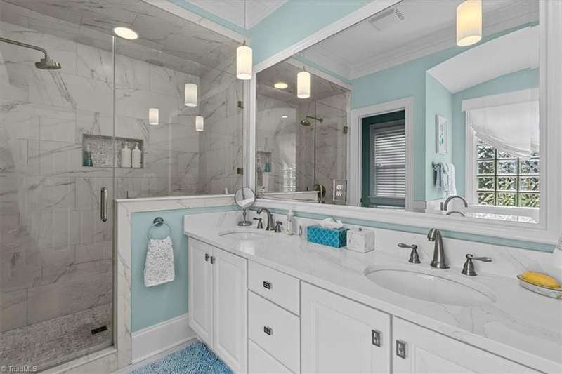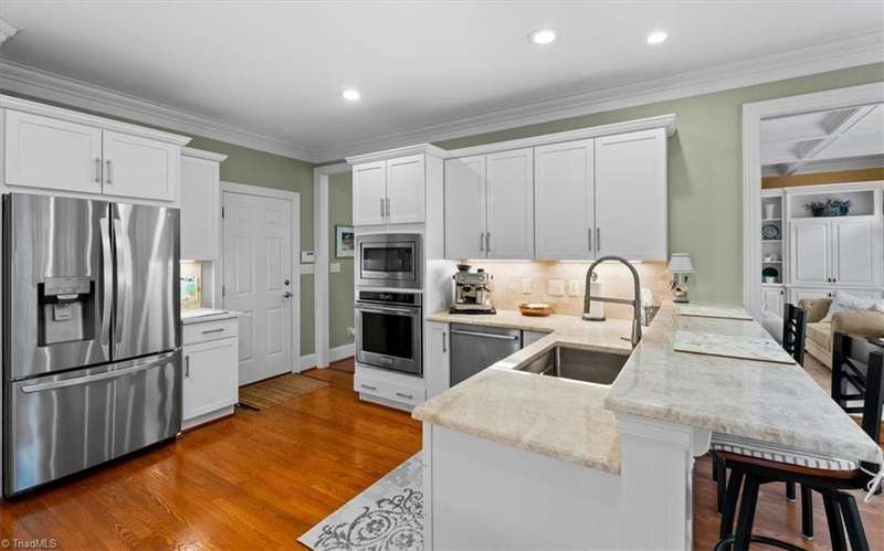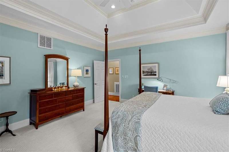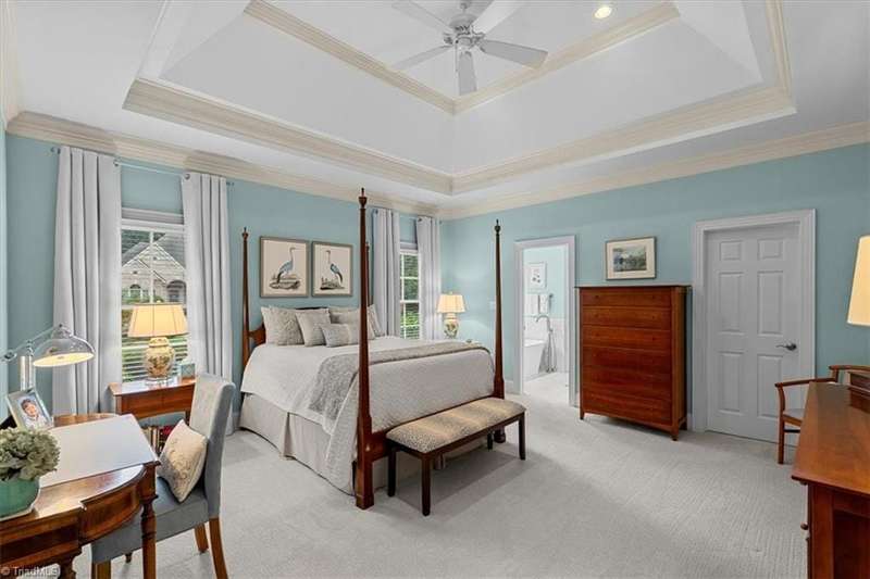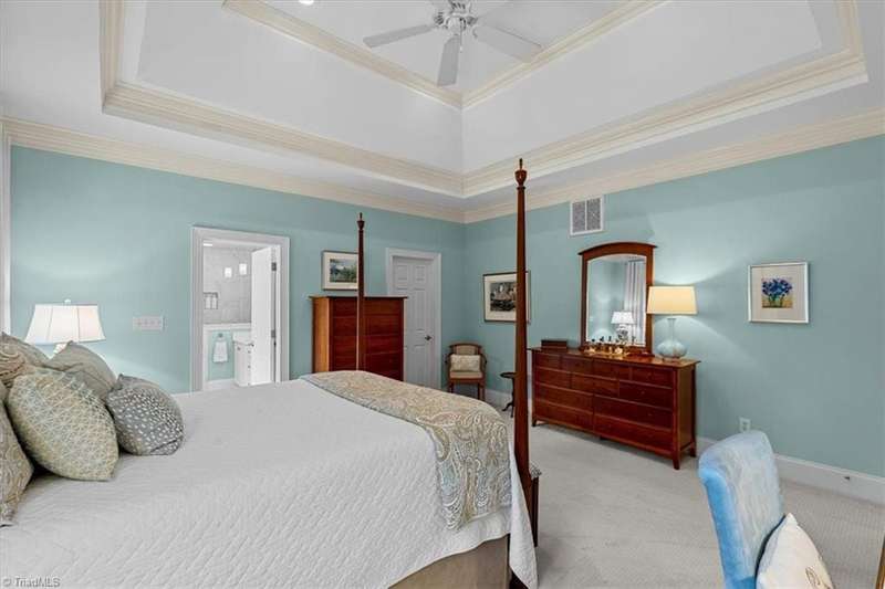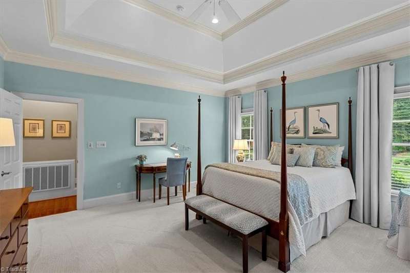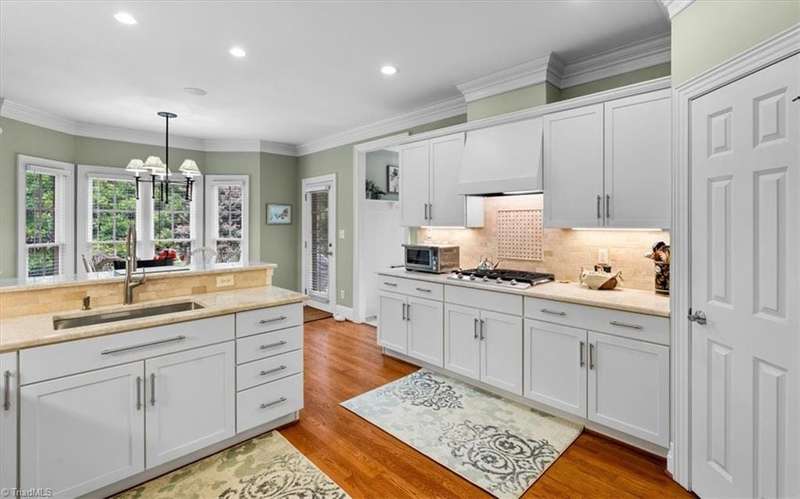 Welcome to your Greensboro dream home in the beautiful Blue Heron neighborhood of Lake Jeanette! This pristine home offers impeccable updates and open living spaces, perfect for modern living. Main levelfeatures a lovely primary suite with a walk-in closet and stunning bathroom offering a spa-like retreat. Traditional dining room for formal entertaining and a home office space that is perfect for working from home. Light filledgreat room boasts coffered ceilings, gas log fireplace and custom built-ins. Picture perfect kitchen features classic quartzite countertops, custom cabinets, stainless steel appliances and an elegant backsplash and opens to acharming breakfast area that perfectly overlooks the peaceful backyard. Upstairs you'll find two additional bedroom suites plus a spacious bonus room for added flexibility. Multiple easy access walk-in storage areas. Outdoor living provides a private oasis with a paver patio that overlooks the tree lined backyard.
* * *
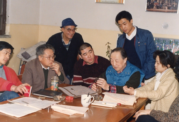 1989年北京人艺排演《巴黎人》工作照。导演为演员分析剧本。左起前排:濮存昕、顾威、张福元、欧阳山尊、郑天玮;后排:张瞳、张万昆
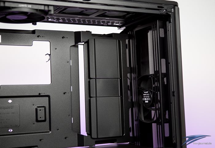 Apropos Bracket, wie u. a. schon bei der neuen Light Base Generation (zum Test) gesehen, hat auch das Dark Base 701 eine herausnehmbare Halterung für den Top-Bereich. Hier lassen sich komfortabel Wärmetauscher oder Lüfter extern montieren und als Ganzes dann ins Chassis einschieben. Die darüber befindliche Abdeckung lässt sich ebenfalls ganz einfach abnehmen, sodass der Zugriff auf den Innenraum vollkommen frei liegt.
--
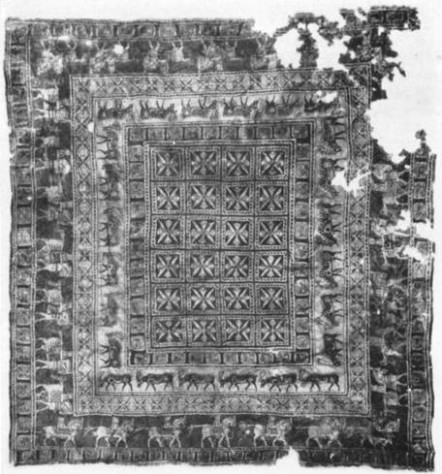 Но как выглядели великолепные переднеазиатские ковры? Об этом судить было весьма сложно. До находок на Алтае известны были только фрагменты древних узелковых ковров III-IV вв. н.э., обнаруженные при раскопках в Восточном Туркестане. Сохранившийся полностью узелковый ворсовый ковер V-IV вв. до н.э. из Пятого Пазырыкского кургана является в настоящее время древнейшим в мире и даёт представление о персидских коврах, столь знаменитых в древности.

• **WHAT IS NEEDED**
Copy word for word the lines above, starting at the line containing "1989年北京人艺排演《巴黎" and ending at the line containing "Apropos Bracket, wie", inclusive, with no pictures.

• **OUTPUT OF THE TASK**
 1989年北京人艺排演《巴黎人》工作照。导演为演员分析剧本。左起前排:濮存昕、顾威、张福元、欧阳山尊、郑天玮;后排:张瞳、张万昆
 Apropos Bracket, wie u. a. schon bei der neuen Light Base Generation (zum Test) gesehen, hat auch das Dark Base 701 eine herausnehmbare Halterung für den Top-Bereich. Hier lassen sich komfortabel Wärmetauscher oder Lüfter extern montieren und als Ganzes dann ins Chassis einschieben. Die darüber befindliche Abdeckung lässt sich ebenfalls ganz einfach abnehmen, sodass der Zugriff auf den Innenraum vollkommen frei liegt.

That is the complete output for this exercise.